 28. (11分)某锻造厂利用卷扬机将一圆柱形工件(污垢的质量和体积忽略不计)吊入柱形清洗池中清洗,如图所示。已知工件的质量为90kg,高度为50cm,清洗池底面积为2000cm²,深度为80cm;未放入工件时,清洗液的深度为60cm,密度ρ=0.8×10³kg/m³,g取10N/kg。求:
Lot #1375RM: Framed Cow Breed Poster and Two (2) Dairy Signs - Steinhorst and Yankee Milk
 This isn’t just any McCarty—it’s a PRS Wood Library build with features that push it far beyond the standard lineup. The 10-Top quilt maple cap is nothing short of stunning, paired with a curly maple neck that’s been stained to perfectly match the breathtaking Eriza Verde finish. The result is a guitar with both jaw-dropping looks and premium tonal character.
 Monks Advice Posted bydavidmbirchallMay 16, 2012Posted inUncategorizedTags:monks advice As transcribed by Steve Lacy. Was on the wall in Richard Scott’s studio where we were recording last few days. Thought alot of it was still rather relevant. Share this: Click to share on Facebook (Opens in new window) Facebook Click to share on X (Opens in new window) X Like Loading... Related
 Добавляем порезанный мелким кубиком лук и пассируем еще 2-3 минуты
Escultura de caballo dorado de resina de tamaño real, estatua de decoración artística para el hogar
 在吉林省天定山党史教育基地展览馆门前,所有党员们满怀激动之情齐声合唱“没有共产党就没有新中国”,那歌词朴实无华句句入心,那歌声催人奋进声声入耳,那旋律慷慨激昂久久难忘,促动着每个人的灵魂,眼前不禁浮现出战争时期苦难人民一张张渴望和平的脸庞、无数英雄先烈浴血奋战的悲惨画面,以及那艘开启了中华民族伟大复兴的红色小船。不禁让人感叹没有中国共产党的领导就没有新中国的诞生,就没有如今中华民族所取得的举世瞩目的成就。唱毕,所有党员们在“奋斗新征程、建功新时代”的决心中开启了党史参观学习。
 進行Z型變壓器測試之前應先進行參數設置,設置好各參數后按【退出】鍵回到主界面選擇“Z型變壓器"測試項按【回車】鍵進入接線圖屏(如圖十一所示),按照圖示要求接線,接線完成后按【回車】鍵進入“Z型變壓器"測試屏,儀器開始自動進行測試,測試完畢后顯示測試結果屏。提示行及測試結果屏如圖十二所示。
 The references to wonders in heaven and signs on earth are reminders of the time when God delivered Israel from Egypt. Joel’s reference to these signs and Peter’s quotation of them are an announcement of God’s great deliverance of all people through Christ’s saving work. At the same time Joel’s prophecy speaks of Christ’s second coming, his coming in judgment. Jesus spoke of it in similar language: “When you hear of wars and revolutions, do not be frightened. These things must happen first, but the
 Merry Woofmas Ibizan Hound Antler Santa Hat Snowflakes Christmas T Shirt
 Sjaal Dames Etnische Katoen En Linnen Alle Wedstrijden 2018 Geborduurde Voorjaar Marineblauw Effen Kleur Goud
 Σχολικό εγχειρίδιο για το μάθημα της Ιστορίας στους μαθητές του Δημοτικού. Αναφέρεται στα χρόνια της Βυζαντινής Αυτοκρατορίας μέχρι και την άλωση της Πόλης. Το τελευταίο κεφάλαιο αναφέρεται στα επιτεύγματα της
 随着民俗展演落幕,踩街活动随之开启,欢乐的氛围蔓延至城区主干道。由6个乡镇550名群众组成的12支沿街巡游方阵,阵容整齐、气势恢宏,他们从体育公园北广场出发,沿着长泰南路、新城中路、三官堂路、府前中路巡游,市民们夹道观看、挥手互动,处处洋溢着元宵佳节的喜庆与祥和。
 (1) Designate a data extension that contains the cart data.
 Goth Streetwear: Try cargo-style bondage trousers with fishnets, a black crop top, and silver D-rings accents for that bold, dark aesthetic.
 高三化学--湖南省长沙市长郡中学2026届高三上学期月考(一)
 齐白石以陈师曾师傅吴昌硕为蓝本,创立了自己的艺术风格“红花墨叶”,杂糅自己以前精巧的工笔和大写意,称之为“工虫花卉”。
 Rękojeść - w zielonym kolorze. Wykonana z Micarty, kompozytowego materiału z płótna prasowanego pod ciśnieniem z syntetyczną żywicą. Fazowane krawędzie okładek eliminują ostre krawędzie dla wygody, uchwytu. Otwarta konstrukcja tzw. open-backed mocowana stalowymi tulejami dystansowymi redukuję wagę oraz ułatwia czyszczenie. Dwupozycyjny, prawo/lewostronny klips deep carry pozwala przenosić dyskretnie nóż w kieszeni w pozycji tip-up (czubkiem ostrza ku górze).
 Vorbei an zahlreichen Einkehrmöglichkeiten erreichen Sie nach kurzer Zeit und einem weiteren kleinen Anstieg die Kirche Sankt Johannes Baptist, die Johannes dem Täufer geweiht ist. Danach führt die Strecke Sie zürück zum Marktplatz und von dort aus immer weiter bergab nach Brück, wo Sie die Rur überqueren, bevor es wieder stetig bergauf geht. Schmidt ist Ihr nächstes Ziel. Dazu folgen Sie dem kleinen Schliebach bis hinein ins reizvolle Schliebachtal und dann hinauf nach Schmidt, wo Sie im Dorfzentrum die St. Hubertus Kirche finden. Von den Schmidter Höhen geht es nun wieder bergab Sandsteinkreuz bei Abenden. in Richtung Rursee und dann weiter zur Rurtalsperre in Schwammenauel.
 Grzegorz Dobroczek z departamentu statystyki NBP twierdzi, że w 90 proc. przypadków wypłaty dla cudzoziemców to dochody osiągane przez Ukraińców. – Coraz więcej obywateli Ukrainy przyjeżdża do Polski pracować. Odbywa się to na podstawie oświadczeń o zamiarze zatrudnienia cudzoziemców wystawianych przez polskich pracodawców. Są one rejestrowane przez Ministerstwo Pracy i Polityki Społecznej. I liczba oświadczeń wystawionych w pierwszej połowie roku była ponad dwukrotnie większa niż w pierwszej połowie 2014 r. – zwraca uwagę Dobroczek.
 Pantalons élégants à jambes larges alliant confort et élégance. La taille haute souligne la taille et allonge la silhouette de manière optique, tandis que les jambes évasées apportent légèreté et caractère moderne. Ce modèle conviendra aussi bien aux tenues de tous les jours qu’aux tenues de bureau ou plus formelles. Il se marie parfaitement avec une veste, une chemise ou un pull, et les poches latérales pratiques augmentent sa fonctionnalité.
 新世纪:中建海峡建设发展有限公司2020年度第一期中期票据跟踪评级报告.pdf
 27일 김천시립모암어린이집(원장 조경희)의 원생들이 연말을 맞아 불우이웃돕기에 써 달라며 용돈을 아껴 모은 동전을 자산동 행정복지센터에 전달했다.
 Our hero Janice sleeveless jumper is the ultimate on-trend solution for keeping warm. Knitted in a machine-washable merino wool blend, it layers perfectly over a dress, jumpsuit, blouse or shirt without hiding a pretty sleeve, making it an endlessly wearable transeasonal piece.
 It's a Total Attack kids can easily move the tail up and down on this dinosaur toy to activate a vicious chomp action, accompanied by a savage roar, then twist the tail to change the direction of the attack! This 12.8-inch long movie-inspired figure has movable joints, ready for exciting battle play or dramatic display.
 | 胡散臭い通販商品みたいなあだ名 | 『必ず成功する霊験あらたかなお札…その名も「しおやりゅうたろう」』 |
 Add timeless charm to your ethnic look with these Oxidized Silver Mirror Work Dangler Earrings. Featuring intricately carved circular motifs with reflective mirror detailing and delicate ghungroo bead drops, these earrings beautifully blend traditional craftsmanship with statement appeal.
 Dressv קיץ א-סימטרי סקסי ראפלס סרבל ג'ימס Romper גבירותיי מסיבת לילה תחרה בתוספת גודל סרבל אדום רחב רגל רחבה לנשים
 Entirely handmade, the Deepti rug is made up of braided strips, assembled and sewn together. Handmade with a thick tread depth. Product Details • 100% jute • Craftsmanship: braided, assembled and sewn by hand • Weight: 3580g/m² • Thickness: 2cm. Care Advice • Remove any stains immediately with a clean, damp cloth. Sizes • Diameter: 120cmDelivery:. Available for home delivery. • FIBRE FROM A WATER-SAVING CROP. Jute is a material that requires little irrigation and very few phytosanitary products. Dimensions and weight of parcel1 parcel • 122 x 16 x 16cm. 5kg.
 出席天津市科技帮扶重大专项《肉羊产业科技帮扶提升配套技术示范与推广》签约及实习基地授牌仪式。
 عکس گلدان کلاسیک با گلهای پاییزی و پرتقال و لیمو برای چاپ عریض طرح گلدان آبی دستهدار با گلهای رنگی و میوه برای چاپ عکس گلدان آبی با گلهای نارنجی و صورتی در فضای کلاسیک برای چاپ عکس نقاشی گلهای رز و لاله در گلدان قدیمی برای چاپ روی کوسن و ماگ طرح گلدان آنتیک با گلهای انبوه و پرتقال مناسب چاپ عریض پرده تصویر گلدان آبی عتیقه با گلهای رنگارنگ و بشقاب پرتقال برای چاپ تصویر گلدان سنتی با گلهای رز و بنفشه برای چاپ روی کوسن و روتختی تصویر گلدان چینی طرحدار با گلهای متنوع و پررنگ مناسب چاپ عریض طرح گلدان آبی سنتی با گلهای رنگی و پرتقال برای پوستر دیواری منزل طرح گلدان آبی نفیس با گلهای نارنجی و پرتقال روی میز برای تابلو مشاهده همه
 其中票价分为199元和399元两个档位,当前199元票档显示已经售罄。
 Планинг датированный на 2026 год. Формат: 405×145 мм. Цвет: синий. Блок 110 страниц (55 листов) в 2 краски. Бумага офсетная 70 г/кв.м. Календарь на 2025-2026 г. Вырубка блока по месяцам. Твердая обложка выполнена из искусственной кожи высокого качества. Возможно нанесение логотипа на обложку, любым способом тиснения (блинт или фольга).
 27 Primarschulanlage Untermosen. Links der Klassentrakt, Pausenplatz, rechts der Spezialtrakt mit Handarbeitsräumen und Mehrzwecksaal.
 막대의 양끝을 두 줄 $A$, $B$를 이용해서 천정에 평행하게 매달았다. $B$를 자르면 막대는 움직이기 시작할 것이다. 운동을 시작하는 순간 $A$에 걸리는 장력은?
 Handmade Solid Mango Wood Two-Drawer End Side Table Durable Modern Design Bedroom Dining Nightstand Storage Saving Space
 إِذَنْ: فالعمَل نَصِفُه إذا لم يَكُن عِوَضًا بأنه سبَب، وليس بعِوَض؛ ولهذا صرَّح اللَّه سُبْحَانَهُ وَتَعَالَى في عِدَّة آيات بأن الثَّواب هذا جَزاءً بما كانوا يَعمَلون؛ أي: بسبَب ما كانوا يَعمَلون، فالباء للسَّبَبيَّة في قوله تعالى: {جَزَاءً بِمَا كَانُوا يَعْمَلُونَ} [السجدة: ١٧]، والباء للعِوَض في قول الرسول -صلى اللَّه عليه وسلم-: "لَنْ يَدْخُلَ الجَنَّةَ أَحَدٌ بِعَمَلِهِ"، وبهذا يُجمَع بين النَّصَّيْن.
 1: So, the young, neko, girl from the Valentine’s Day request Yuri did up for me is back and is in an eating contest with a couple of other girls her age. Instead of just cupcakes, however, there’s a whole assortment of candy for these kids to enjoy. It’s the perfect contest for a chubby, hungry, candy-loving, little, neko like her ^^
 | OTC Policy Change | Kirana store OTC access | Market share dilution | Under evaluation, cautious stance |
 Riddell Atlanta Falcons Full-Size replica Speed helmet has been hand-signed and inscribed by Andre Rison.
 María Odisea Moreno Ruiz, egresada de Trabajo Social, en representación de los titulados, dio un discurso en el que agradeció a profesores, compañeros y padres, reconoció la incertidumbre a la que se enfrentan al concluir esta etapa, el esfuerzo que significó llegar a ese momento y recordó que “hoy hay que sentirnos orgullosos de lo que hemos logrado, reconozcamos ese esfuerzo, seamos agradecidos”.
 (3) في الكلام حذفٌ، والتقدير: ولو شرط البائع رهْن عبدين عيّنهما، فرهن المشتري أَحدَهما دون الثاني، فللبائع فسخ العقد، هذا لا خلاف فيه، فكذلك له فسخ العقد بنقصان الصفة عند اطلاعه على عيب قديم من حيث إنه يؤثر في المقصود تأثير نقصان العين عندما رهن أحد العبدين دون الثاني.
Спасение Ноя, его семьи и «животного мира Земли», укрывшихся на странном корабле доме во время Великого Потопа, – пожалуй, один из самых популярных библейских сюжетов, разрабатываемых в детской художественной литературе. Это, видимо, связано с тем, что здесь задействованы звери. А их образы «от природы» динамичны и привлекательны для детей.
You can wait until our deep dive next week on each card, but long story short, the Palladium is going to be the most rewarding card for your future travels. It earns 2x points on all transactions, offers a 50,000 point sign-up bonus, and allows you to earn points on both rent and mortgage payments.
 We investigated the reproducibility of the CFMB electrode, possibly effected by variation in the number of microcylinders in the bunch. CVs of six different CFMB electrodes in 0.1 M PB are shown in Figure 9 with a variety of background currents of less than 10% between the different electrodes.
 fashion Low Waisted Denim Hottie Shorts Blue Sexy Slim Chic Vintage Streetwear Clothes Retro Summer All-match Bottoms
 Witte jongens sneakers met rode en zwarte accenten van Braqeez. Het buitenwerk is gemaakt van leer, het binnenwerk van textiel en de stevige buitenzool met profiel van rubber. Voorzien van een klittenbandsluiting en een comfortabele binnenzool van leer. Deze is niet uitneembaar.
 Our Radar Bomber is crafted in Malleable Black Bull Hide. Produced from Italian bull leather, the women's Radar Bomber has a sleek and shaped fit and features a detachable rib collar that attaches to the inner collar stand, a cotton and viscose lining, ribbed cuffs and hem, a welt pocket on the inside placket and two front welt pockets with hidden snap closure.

* * * * * * * * *

_What you have to do_
Beginning with the line above that contains "随着民俗展演落幕,踩街活动随", copy each line exactly up to and including the line that contains "(1) Designate a", and go no further.

_Answer section_
 随着民俗展演落幕,踩街活动随之开启,欢乐的氛围蔓延至城区主干道。由6个乡镇550名群众组成的12支沿街巡游方阵,阵容整齐、气势恢宏,他们从体育公园北广场出发,沿着长泰南路、新城中路、三官堂路、府前中路巡游,市民们夹道观看、挥手互动,处处洋溢着元宵佳节的喜庆与祥和。
 (1) Designate a data extension that contains the cart data.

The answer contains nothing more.